Maria José Rijo
Não sou princípio - Nem fim! -Sou um ponto no caminho- Daquela linha partida- Que vinha de Deus para mim!
As coisas e o seu espírito
Á Lá Minute
Jornal Linhas de Elvas
Nº 1867 – 19 de Dezembro de 1986
As coisas e o seu espírito

Tarde invernoso … marido com gripe… vento a silvar nas janelas… céu cinzento… bruma… num ponto da casa uma braseira de picão fala de conforto.

Os jornais já lidos, uns momentos para pensar na espera dum velho e querido Amigo, hoje, virá como médico também.
Na pausa reflicto no que li… no mais chocante… os comentários… a meu ver… prematuros sobre o carro que a câmara comprou.

Recordo que o nosso Amigo, que agora espero, sensível ao espírito das coisas, quando foi Presidente da Câmara – comprou do seu bolso, durante o seu mandato… um carro, que, pela aparência, respeitasse o espírito das funções, que exercia, para honrar, para honrar Elvas…

Depois, lembrei o actual presidente a empurrar o carro assucatado que o Município tinha… Avenida da Republica abaixo e noutras ruas de Lisboa…
Lembrei-o outras vezes, parado, de noite, na berma das estradas à espera de socorros… lembrei-me de mim própria, também, quando no regresso de Santarém com os trabalhadores da Câmara, exaustos pelo esforço dispendido desde as 5 horas de manhã (em que de cá partiram para a montagem da “Cozinha Alentejana”) ansiosos por regressar a casa – parados, madrugada alta, numa noite fria e feia como o dia de hoje – na estrada deserta…

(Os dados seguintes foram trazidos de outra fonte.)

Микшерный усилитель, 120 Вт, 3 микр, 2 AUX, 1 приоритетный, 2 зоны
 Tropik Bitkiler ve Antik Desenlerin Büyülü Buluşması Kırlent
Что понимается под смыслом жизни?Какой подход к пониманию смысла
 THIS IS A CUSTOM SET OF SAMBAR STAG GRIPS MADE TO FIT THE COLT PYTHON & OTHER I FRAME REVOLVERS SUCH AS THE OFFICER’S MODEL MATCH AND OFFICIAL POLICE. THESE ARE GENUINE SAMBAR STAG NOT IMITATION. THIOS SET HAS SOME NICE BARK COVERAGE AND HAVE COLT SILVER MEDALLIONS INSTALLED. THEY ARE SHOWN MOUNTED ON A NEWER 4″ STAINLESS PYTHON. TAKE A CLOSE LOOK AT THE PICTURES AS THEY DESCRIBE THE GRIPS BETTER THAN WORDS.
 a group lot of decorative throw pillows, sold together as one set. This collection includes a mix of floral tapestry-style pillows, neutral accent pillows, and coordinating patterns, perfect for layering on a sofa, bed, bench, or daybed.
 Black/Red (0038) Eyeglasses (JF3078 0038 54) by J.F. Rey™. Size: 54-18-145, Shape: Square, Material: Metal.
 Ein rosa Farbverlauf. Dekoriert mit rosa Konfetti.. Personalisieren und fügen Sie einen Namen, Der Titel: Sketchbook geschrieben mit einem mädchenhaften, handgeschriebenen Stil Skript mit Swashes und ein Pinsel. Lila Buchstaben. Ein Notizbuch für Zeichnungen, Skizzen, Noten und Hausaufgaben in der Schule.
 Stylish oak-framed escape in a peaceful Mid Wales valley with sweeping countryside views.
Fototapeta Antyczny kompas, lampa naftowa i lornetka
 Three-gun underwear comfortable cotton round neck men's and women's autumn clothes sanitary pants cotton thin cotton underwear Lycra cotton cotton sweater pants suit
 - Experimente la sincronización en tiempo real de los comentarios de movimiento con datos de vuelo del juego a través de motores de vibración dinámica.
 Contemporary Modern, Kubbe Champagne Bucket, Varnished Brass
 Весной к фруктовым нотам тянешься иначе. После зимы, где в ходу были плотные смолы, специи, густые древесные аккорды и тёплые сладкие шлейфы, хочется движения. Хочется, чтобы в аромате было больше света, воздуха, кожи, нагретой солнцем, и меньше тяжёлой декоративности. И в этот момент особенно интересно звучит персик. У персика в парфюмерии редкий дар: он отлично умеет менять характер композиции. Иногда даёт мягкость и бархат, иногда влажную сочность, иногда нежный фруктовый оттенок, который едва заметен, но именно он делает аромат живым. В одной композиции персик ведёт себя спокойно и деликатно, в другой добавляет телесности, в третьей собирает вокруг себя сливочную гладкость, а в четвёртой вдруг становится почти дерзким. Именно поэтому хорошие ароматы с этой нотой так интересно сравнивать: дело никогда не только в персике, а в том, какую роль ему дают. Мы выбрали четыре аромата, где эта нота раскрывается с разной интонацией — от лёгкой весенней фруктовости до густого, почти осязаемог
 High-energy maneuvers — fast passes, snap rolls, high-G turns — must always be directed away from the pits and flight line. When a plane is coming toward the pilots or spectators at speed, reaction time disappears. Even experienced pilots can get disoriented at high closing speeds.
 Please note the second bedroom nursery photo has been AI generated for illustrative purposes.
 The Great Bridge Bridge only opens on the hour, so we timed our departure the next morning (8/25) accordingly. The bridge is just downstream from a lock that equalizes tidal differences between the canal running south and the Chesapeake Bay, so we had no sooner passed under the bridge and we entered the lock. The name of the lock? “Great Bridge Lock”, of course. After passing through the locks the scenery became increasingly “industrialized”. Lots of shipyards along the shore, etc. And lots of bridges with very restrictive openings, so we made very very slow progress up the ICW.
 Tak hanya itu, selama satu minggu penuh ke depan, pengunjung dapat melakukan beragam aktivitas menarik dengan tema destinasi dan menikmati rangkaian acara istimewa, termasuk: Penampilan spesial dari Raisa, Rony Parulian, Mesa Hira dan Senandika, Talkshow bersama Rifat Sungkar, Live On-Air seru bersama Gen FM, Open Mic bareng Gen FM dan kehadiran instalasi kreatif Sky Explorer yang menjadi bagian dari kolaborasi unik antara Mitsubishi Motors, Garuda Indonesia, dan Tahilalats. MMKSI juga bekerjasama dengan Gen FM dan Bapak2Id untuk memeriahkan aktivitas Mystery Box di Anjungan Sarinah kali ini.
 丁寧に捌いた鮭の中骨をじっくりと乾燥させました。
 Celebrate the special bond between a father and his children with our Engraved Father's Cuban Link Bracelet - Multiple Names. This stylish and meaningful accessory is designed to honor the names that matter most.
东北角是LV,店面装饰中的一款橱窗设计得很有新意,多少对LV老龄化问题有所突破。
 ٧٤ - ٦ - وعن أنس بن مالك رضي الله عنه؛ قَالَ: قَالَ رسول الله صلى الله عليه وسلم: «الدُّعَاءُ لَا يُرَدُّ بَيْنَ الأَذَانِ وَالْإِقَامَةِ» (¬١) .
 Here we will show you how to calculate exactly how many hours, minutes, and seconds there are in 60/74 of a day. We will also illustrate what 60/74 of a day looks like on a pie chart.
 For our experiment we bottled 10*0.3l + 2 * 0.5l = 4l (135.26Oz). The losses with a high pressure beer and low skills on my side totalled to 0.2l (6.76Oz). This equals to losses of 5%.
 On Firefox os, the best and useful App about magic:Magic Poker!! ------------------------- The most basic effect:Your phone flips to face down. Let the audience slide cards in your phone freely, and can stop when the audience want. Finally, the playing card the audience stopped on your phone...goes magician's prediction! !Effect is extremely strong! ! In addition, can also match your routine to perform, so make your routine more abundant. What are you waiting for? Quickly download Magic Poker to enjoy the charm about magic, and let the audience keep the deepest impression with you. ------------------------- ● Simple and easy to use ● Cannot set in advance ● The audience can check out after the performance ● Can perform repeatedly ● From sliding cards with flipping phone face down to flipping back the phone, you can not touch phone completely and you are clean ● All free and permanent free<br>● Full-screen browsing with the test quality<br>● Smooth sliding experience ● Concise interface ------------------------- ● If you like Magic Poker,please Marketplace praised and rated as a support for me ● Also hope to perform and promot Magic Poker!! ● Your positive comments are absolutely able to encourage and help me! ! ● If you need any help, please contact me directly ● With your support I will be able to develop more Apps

Coisas que se calam, estas e outras mais, porque Elvas… a cidade de Elvas… a sua população, o seu concelho, não mereciam estas humilhações…

Lembrei depois o historiador do Instituto Dona Leonor a quem pedi, de olhos molhados, silencio sobre os livros que ele vira a bulir parasitas na 3ª Biblioteca do País… a nossa… que esteve sem uma única desinfestação desde o último ano de vida do saudoso Eurico Gama! Isto… porque Elvas, a sua gente, o seu concelho…não merecem tamanhas humilhações.

Há as coisas e há o espírito delas!
O actual presidente queria carro mais modesto, mas o executivo fez questão de dar a Elvas um carro que vá em nome de Elvas… onde Elvas deva estar presente… não com o luxo de outras Câmaras, mas com dignidade entre os seus pares.

Só o futuro o dirá… com verdade… depois deste mandato terminar, se Elvas deu ao actual executivo carro de mais ou carro de menos… porque tudo é relativo e, ainda não há pontos de referência seguros.
Cá por mim… povo que sou … vou vivendo à portuguesa. Vou à missa com o fato de “ver a Deus” na boa tradição dos pobres que honram a sua gente sabendo que não basta ser, porque parecer também é necessário.